Nous avons le culte du compromis, comme le démontre le fait que dans les gouvernements cantonaux et fédéral les principaux partis sont représentés, de la gauche à la droite. A ces Messieurs et Dames de faire en sorte que la gouvernance soit collégiale. C’est lent, c’est parfois paralysant, mais c’est consensuel !
Quand on parle de « souverain » en Suisse, c’est le peuple. Nous pratiquons une démocratie de proximité, jusqu’à l’exagération, jusqu’à l’exacerbation. Il faut toujours convaincre une majorité du peuple puisque, très souvent, c’est lui qui a le dernier mot, même après les décisions des autorités.
Pour preuve, ces quatre droits populaires :
- le referendum obligatoire pour chaque changement dans la constitution
- le referendum facultatif si 50.000 citoyens demandent qu’une loi, pourtant adoptée par le parlement, soit soumise au peuple
- l’initiative constitutionnelle si 100.000 citoyens proposent de changer un article de la constitution
- la pétition si 100.000 personnes veulent imposer au parlement de traiter de tel ou tel sujet.
On a donc toujours quelques débats en cours en vue de la prochaine votation (au moins 4 fois par an, avec chaque fois plusieurs sujets).

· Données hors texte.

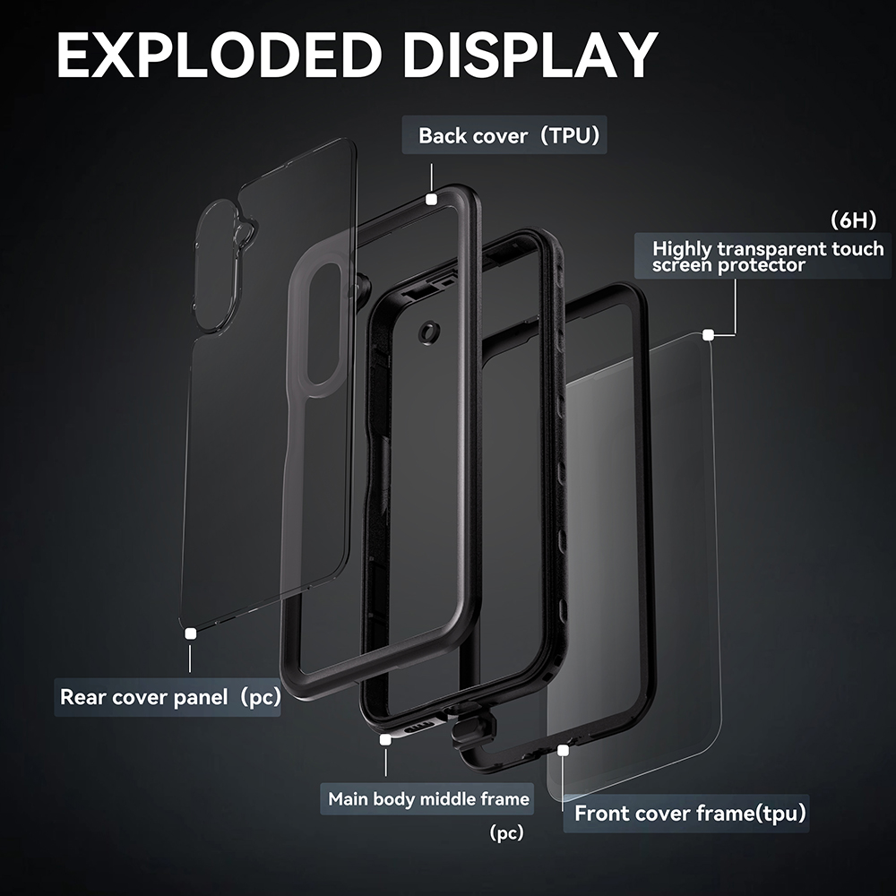 Toto pouzdro se pyšní celočerným, robustním designem, který podtrhuje jeho funkčnost a odolnost. Přední i zadní strana jsou opatřeny průhlednými ochrannými vrstvami, které umožňují plné využití dotykové obrazovky a zároveň chrání telefon ze všech stran. Zesílené rohy a boky absorbují nárazy, zatímco precizní výřezy zajišťují bezproblémový přístup k fotoaparátu a dalším funkcím. Tlačítka jsou chráněna, ale zůstávají snadno ovladatelná. Pouzdro je vyrobeno z kombinace pružného TPU (termoplastický polyuretan) pro absorpci nárazů a pevného polykarbonátu (PC) pro strukturální pevnost, což zaručuje plnou 360° ochranu včetně integrovaného chrániče obrazovky. S certifikací IP68 je pouzdro zcela vodotěsné a prachotěsné, připravené na jakékoli dobrodružství. Splňuje také vojenské standardy odolnosti proti pádu (Military Grade Drop Test), což z něj činí ideálního společníka pro extrémní sporty i každodenní ochranu.
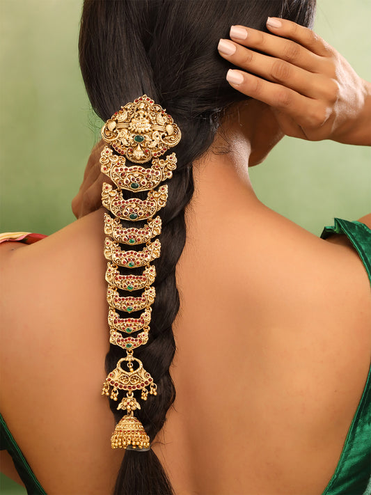 Choti Jadai Billai Traditional Multicolor Bridal Hair Accessories for Women Wedding Gold Plated Hair Choti Bridal Jewellery for Women (Gold-7)
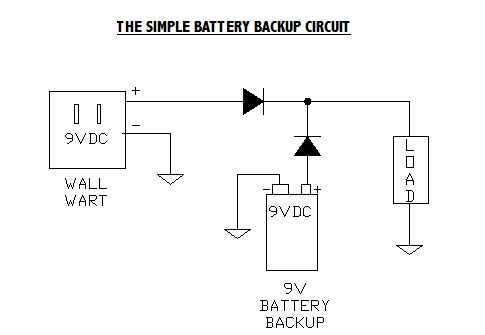 Por último, el circuito de respaldo de batería. Si tuviera más tiempo, habría utilizado una batería de respaldo en este circuito. Esto impediría la el LS7222 de perder poder y va a por defecto las calibraciones de código debe salir la energía. También evitaría que el sistema sea desarmado un intruso tenga alambre tijeras! Voy a darle una breve descripción de este circuito. Como se puede ver, tenemos un transformador de pared que es salida 9-10v, y una batería de 9v, que es la salida 9v. Contamos con un diodo de bloqueo que actúa para bloquear el voltaje desde el puerto de la batería (+) entrada por el puerto de pared transformador (+), y otro bloqueando la (+) voltaje del transformador de entrar en el puerto de la batería (+) de la pared. La tensión dominante potencia la carga. Cuando el dominante fuente muere (el transformador está desconectado), la batería asume el control, y la carga será ninguno el más sabio. Si desea mantener el circuito de respaldo de batería en sólo en determinados momentos, podría agregar un interruptor entre el puerto de positivo (+) de la batería y el ánodo del diodo.

La peur de perdre ces droits populaires explique en grande partie pourquoi la majorité de notre peuple, surtout en Suisse alémanique, est opposée pour le moment à l’entrée de la Suisse dans l’Union européenne, ainsi que le retard mis à entrer à l’ONU (seulement en 2002).
Nous préférons demeurer petits, seuls, mais libres, dans un pays politiquement et militairement neutre, selon les leçons retenues de notre histoire.


Les Eglises dans ce contexte socio-politique.


Notre histoire religieuse a été marquée par de nombreux drames, et d’abord par les oppositions -parfois guerrières et sanglantes- advenues lors des Réformes du 16ème siècle. La Suisse a été travaillée par les Réformateurs protestants et aussi remodelée par les conséquences du concile de Trente, notamment par les monastères, les Jésuites et les Capucins.
Les antagonismes à fondement religieux ont encore marqué le 19ème siècle, notamment lors du Sonderbund (1848) et du Kulturkampf (1870) qui ont introduit dans la législation et la pratique des discriminations à l’égard de l’Eglise catholique (articles confessionnels). La dernière a été levée en 2002 seulement (il fallait l’accord de la Confédération pour ériger de nouveaux évêchés).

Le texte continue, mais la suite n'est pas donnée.